Если Стар слышала, как мы сказали, что пригласим полицейских в галерею, то это была третья ошибка. Тогда мы ещё не знали, что, пригасив их на вечер, мы сделаем пятую ошибку за сегодня. Все картины Аттилы были нарисованы баллончиками на муниципальной собственности. Даже если Аттила не крал ружьё мистера Руперта, его могут обвинить в вандализме… снова.
День третий. Ошибка шестая
Замерев от ужаса, мы смотрим, как слайды повторяются раз, второй, третий. В нас будто снова и снова выстреливают искусством. Аттила называет его оружием массового поражения. Война – преступление против природы – заявляет он как художник.
– Все эти граффити нарисованы в Бёрлингтоне.
– Это просто что-то с чем-то, – шепчет папа.
– Хорошо, что муж не пришёл, – говорит миссис Кобай.
Рене не может проронить ни слова, что ей так чуждо. Я должен хоть как-то вернуть её в реальность.
– Брось! – Я тяну её за рукав. – Пойдём, посмотрим, что ещё здесь есть.
– Дети, идите вперёд, – в один голос говорят папа и миссис Кобай, а сами уходят в другую сторону.
Рене машинально шагает, не проронив ни слова. Мы проталкиваемся через толпу разодетых гостей, большинство из них стоит с бокалами вина, бумажными тарелками с фруктами и крекерами.
– Привет, ребята! – здоровается миссис Рон. Сегодня она принарядилась. На ней муу-муу цвета морской волны с принтом из разноцветных тропических рыбок. Она машет нам кусочком швейцарского сыра и указывает тарелкой в сторону огромного инуксука из кирпича. Конечно же, авторства мистера Мэйсона Мэна. – Впечатляет, да?
– Очень, – соглашаюсь я. – Такой прямой… и красный. Внизу приписано «Пусть нас ведёт история». Под стеной висит табличка с описанием экспоната от автора, где он рассказывает, как реставрировал кирпич со старой фермы в северной части Бёрлингтона. Под текстом повесили фотографию здания.

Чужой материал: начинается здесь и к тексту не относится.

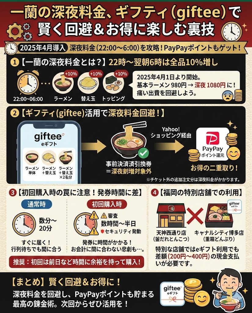 一蘭の深夜料金10%増しを回避!Yahoo!ショッピングのギフティ活用術と注意点
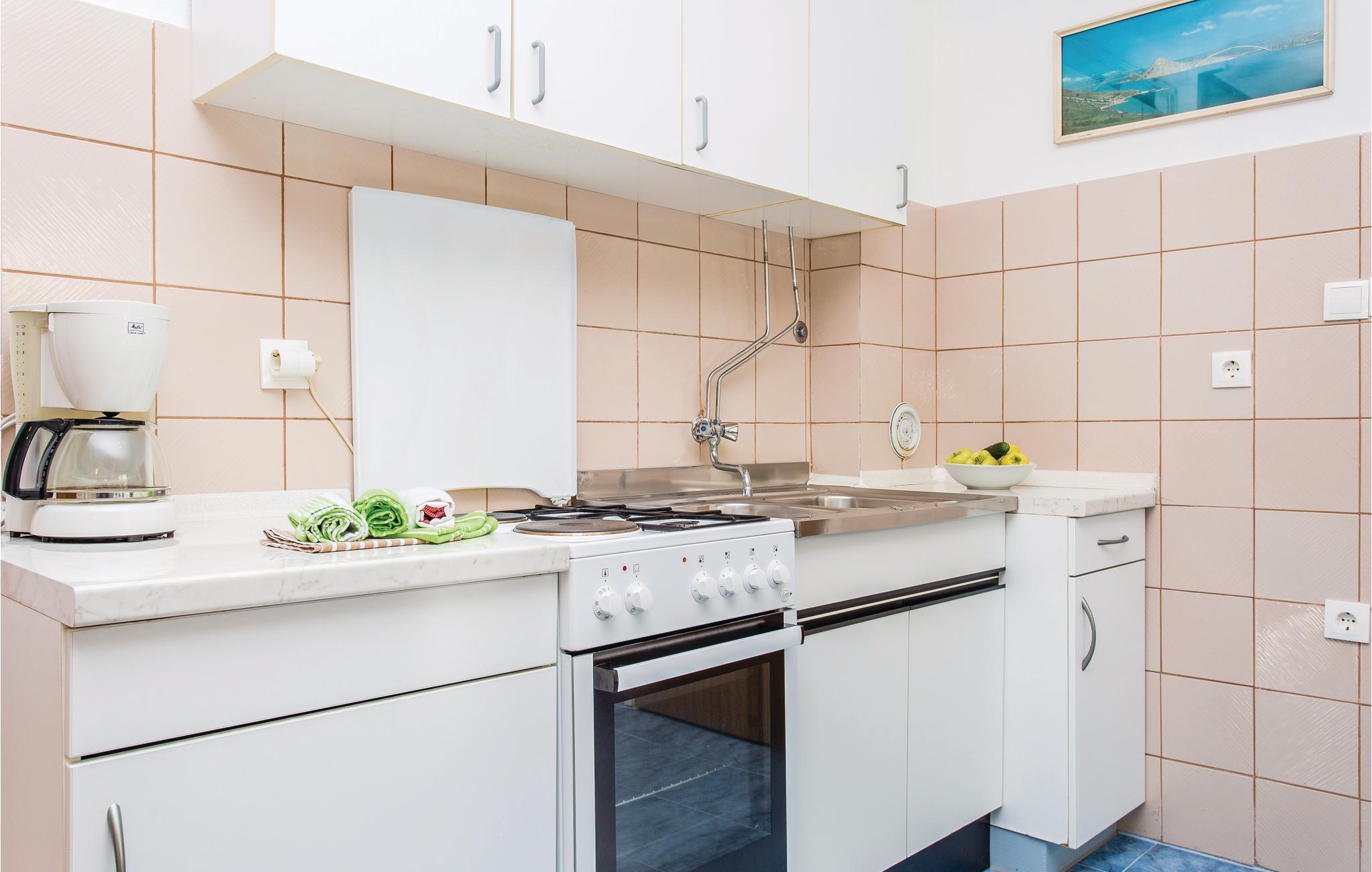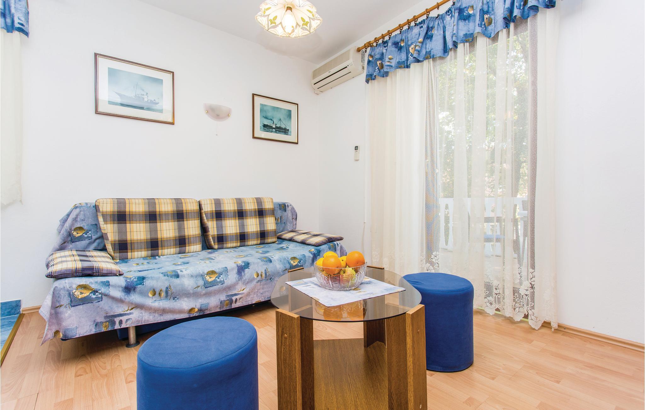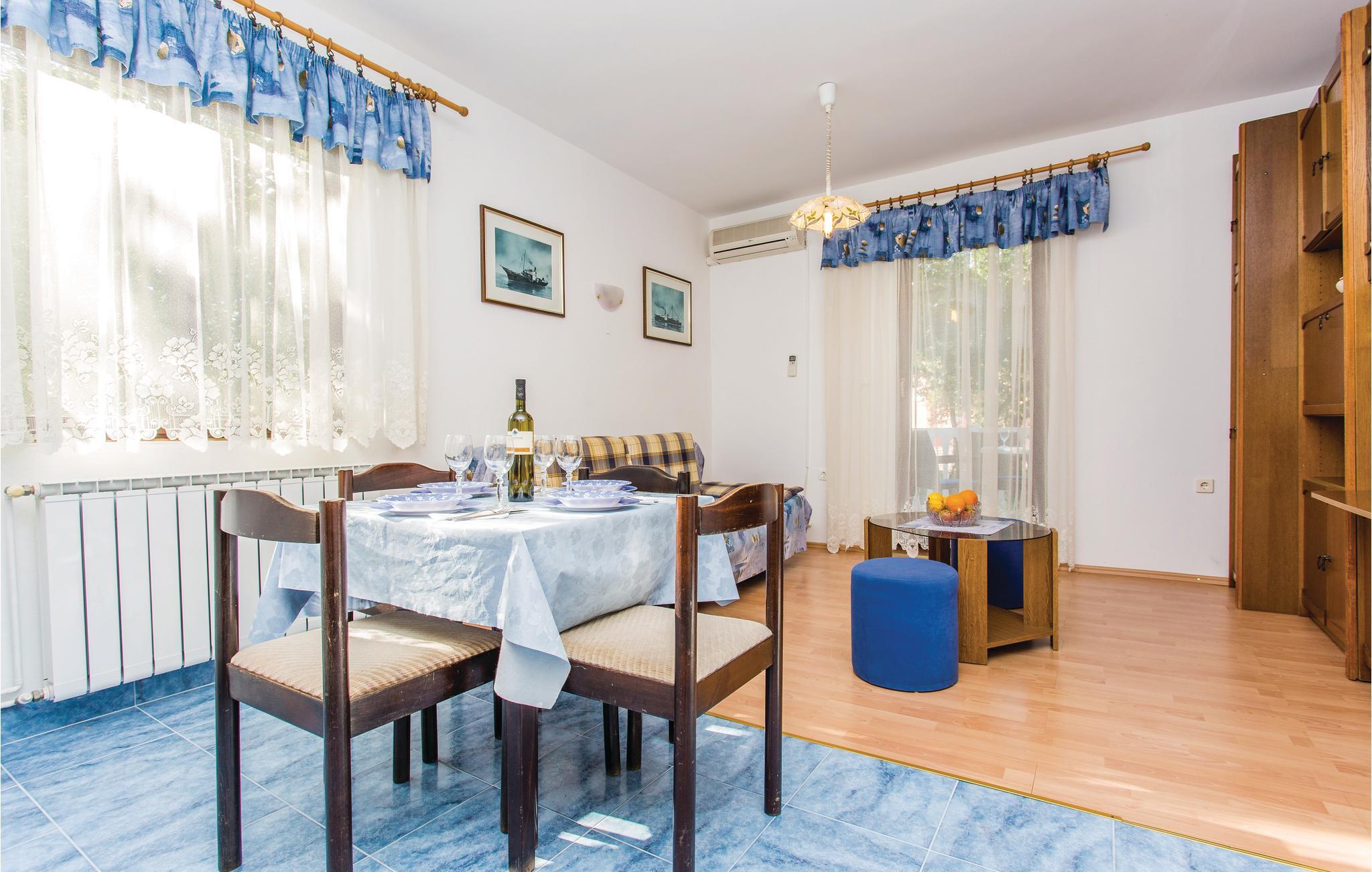 Denne koselige ferieleiligheten i første etasje i et hus i Malinska tilbyr alt du trenger for en avslappende ferie. Det er en annen ferieleilighet i første etasje, slik at du kan reise med en familie med venner. Det funksjonelle og koselige interiøret inviterer deg til å føle deg som hjemme. Start dagen med frokost på den private terrassen, og nyt de solfylte timene i den felles hagen. Her er det grill og lekeplass for barn, slik at du kan tilbringe sosiale og bekymringsløse timer med familien eller andre gjester.

– Вот это да, – говорит Рене, не сводя глаз с инуксука. – Наверное, непросто было втащить эту штуку сюда.
Миссис Рон кивает и улыбается, будто Рене отвесила работе комплимент.
– Мальчики очень сильные. Только не забудьте проголосовать за понравившееся произведение!
– Не забудем, где оставить свой голос? – спрашиваю я.
– Вон за тем углом, – снова показывает она сыром.
– Мы просто посмотрим на другие экспонаты, прежде чем проголосовать, – говорю я.
– Это самая лучшая работа, – подмигивает она нам. – Поверьте на слово.
Она закидывает остатки сыра в рот и кивает.
На одной стене висит серия фотографий восхода солнца над пирсом. Автор назвал картину «Начало в Бёрлингтоне».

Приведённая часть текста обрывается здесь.